This is a very easy determinant to calculate, but I get two different results when I calculate it in two different ways. \begin{equation} A = \begin{bmatrix} 1 & 2 & 3 \\ 0 & 1 & 2 \\ 2 & 2 & 4 \end{bmatrix} \end{equation}
When I used Laplace expansion right away I got: \begin{equation} \det(A) = 1 \cdot \begin{bmatrix} 1 & 2 \\ 2 & 4 \end{bmatrix} - 0 \cdot \begin{bmatrix} 2 & 3 \\ 2 & 4 \end{bmatrix} + 2 \cdot \begin{bmatrix} 2 & 3 \\ 1 & 2\end{bmatrix} = 1 \cdot (4 - 4) + 2 \cdot (4 - 3) = 2 \end{equation}
But when I rearrange the rows in the matrix and then try to calculate the determinant: \begin{equation} A = \begin{bmatrix} 1 & 2 & 3 \\ 0 & 1 & 2 \\ 2 & 2 & 4 \\ \end{bmatrix} \overset{r_1 \leftarrow 2 \cdot r_1 - r_3}{\longrightarrow} \begin{bmatrix} 0 & 2 & 2 \\ 0 & 1 & 2 \\ 2 & 2 & 4 \\ \end{bmatrix}\\ \det(A) = 0 \cdot \begin{bmatrix} 1 & 2 \\ 2 & 4 \end{bmatrix} - 0 \cdot \begin{bmatrix} 2 & 2 \\ 2 & 4 \end{bmatrix} + 2 \cdot \begin{bmatrix} 2 & 2 \\ 1 & 2\end{bmatrix} = 2 \cdot (4 - 2) = 4 \end{equation}
I have probably made a simple mistake, but I can't figure out where and I really want to get the basics down, before I move to harder examples.

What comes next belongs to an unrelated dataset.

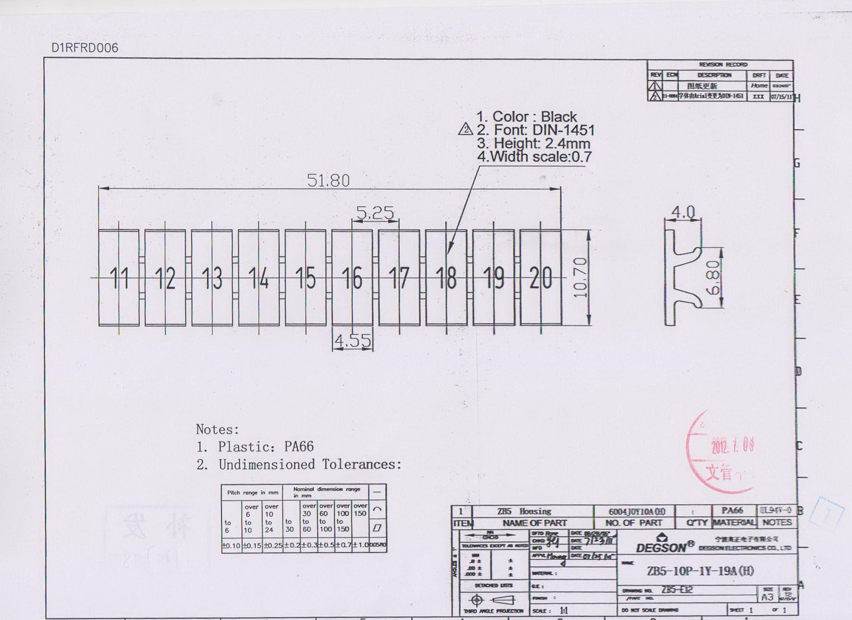 ZB5-10P-19-19Z(H), Маркировка, цифры гориз. 11-20,...
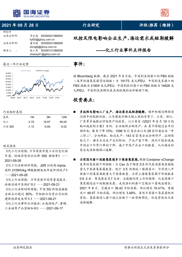 【国海证券】【20210928】化工行业事件点评报告:双控及限电影响企业生产,海运需求或短期缓解-6页

The operation $r_1 \leftarrow 2r_1 - r_3$ does not preserve the determinant. Indeed, if you check the rules, the determinant is preserved if you subtract a multiple of a row from the actual other row (and not a multiple of it).
Suppose you did $r_1 \leftarrow r_1 - r_3$, then did Laplace expansion, things would work. Suppose you did $r_1 \leftarrow r_1 - 2r_3$ followed by Laplace expansion, then things would work. However, because you did changed $r_1$ to $2r_1$ during the row change, the determinant got multiplied by exactly $2$ , which came out to be the decisive factor in the end, since $\frac 42 = 2$.